Чудовище говорит, что может видеть будущее. Что, будь оно смертно, я бы хладнокровно пристрелил его. И бросил бы подыхать на коленях той девицы в золотистом платье.
Я не отрицаю правды. Бросил бы и не пожалел о том ни разу.
Об этом монстре ходят такие слухи, что если и половина из них правда – этого достаточно, чтобы отрубить ему голову и швырнуть в ближайшую выгребную яму.

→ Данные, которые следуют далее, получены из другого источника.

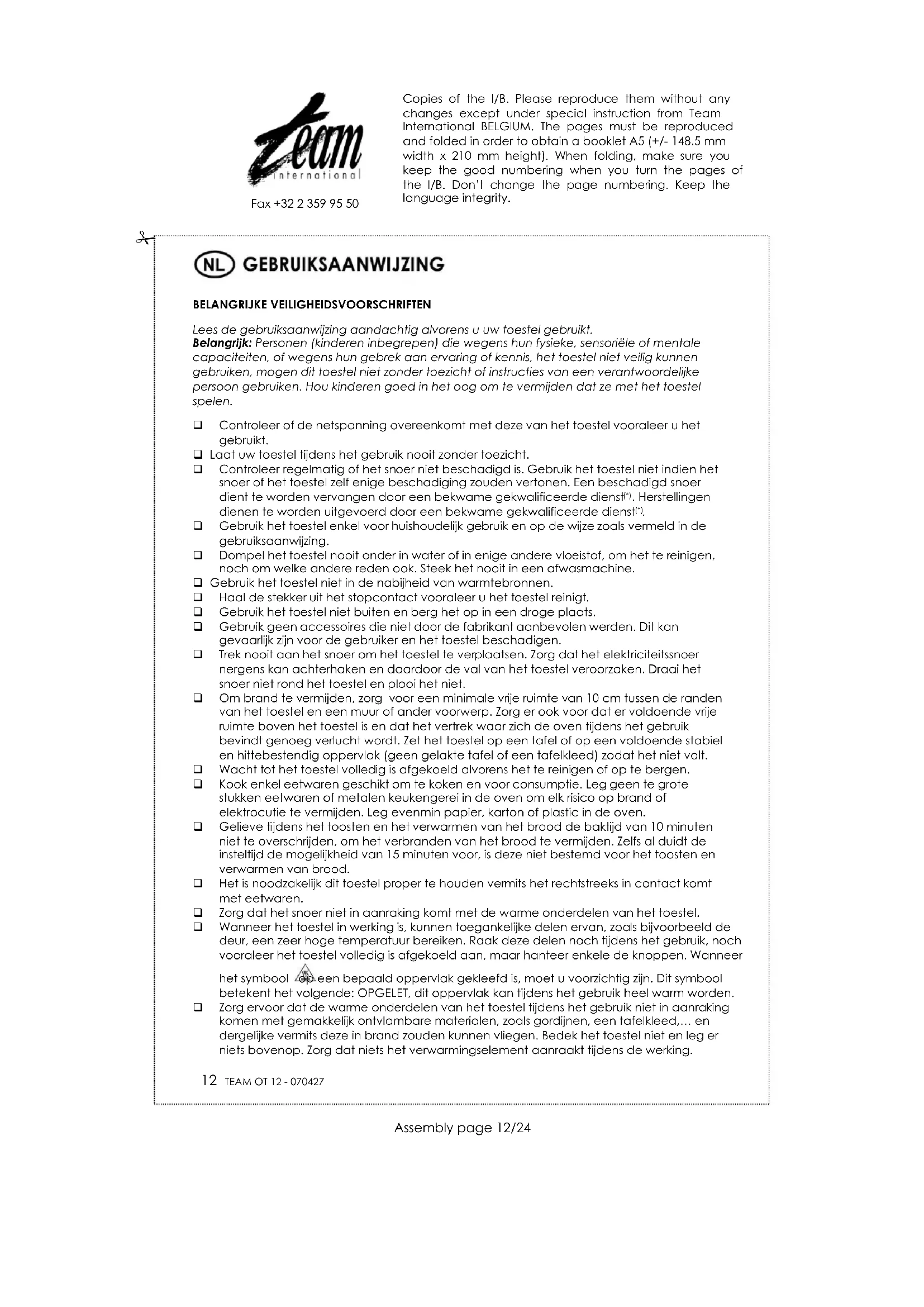GEBRUIKSAANWIJZING OT 12 TEAM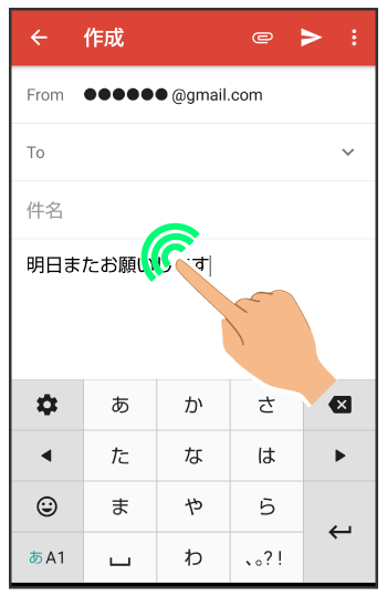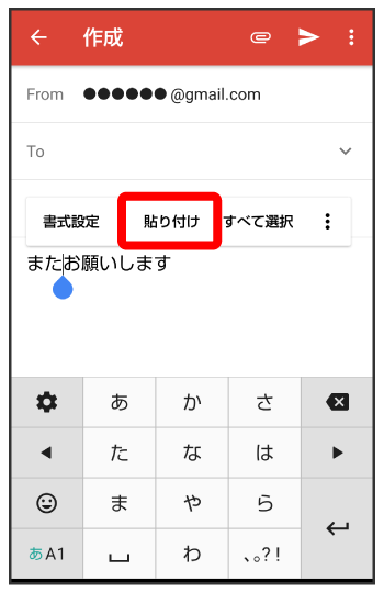 をドラッグすると、貼り付ける位置を調整できます。- アプリによっては、履歴から貼り付ける文字列を選択することもできます。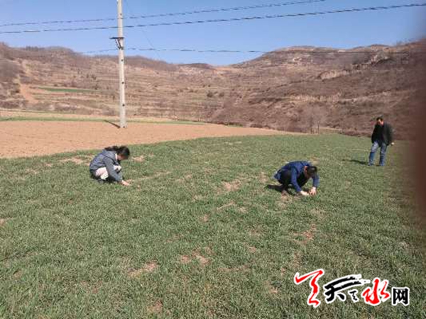 日前,秦州区齐寿镇一冬小麦田里,秦州区农业局的专业技术人员在查看冬小麦返青前的病虫害发生情况。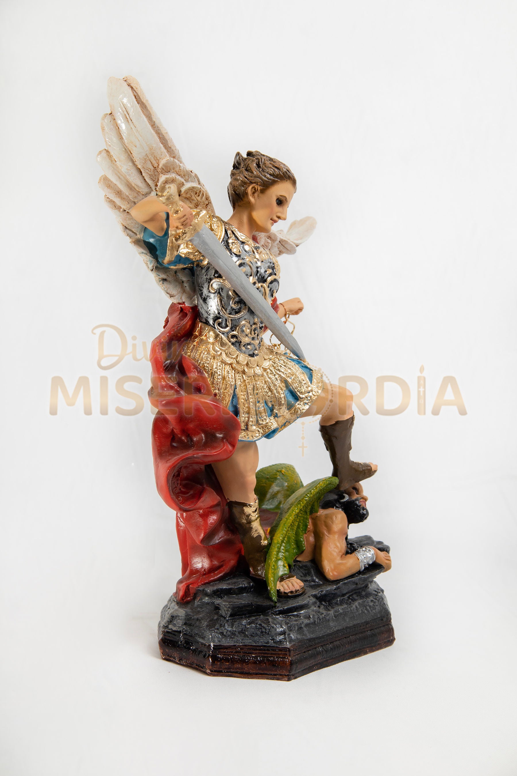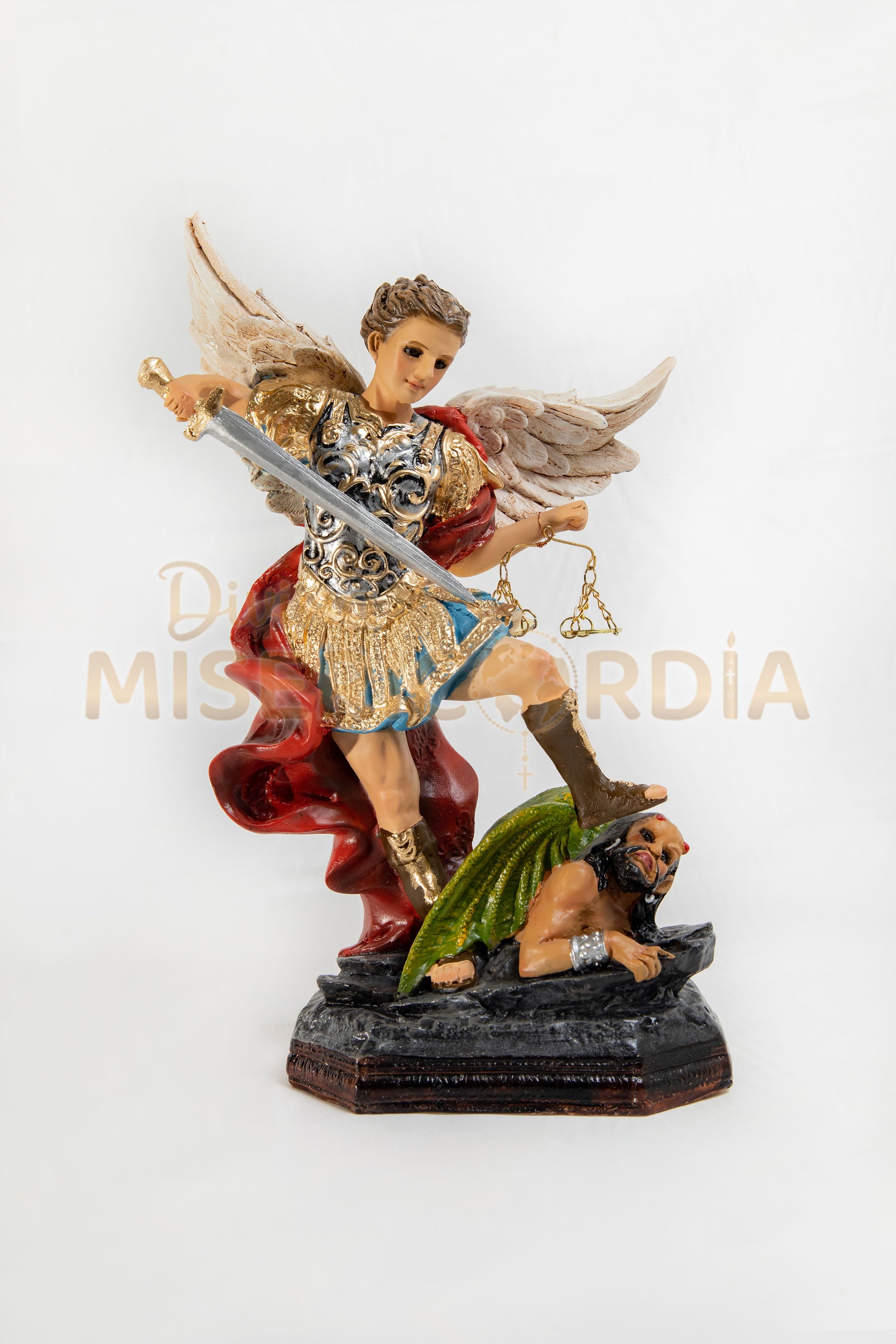 👑 Imponente figura de San Miguel Arcángel, príncipe de los ejércitos celestiales, símbolo de justicia divina, protección y victoria sobre el mal. Representado con armadura, espada y escudo, es el defensor por excelencia contra las fuerzas oscuras y guía firme en la batalla espiritual.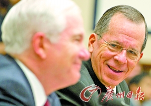 資料圖片:羅伯特-蓋茨和邁克-馬倫(右)向國會眾議院軍事委員會和參議院軍事委員會作匯報(bào)。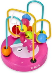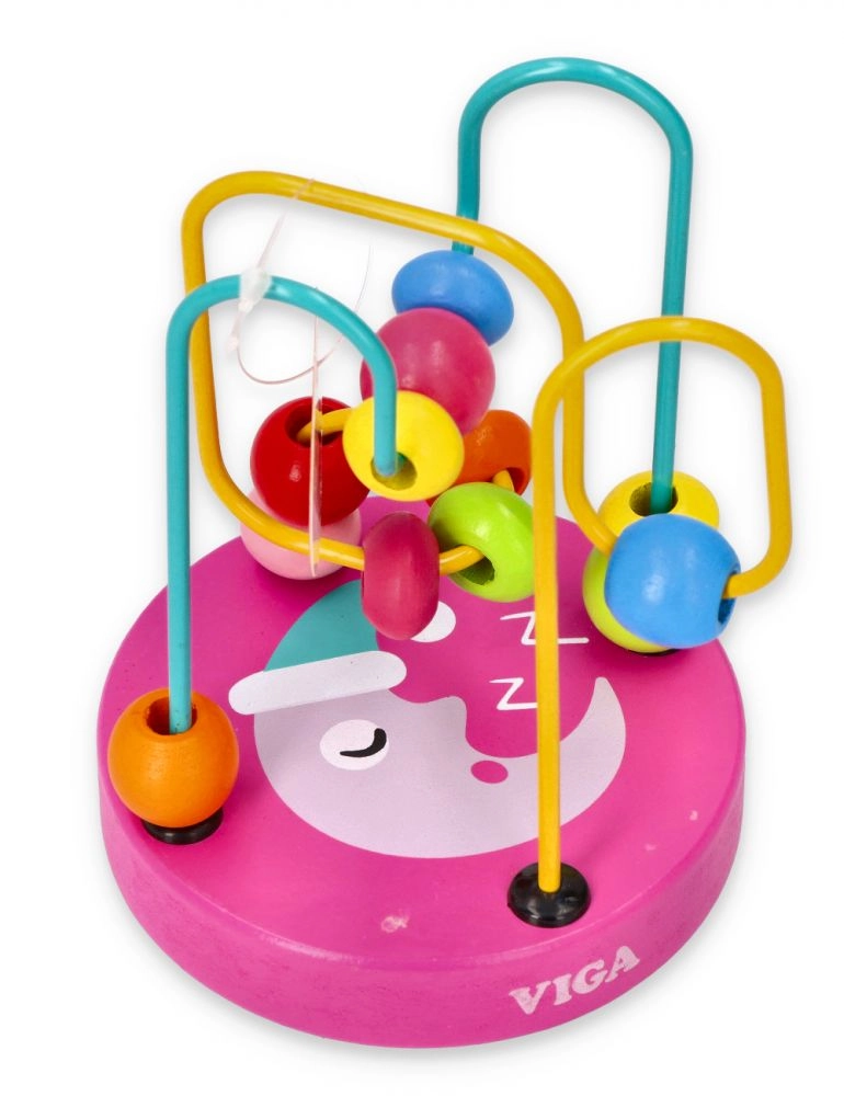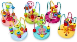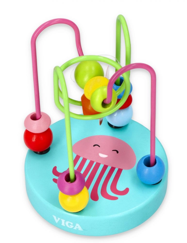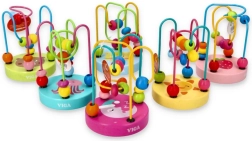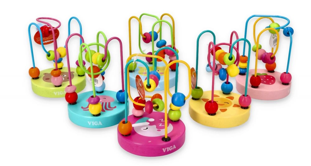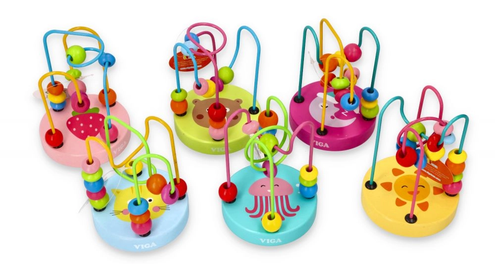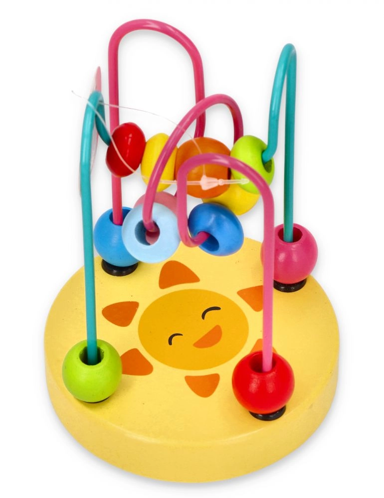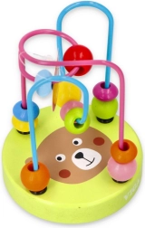 El laberinto de cuentas de madera, también conocido como centro de motricidad, es un juguete educativo clásico que desarrolla la motricidad fina y la coordinación ojo–mano. Los niños desplazan cuentas de distintas formas por recorridos metálicos curvos, entrenando los movimientos precisos de los dedos y el razonamiento lógico. Los motivos coloridos sobre la sólida base de madera motivan al juego y mantienen la atención.

Кровь, будь она неладна, течет по животу в штаны. Я снова вяло ругаюсь и получаю кулаком по губам. Приходится замолчать.
Ничего, ублюдок несчастный, когда-нибудь ты свое получишь!
Монстр отходит в сторону, и теперь мне в лицо бьет треклятый свет из окошка. Хочется спросить, кем была Марджи для колдуна, что он так мстит за ее смерть. Наверное, любовницей – стал бы он думать о служанке.
Да и не только в ней дело. Палочка. Волшебная палочка, которую я пытался украсть.
Пытки продолжаются. Чудовище залечивает раны и ожоги, чтобы я не помер раньше времени. Наколдовывает огненные шары и тычет ими мне в грудь и живот. Весело говорит что-то об идеально круглых следах ожогов. Круглых, как золотые монеты. «Только цвет коричневый», – смеется поганый выродок. На них вздуваются пузыри, которые он поддевает когтем.
Сил ни браниться, ни кричать уже нет.
Только скулю, как полудохлый пес.
И все это повторяется. Снова и снова.
...В одно мгновение проклятый колдун куда-то исчезает. Я остаюсь один, в блаженной тишине. Продлится она, надо думать, недолго.
Я прав – вскоре слышатся шаги. Легкие шаги ног, обутых в туфли.
Шуршит шелковое платье, и на пороге темницы появляется женщина. Та самая девица, служанка монстра, или любовница, или кто она там ему.
Я начинаю говорить и удивляюсь, что могу. И даже чувствую себя не так паршиво.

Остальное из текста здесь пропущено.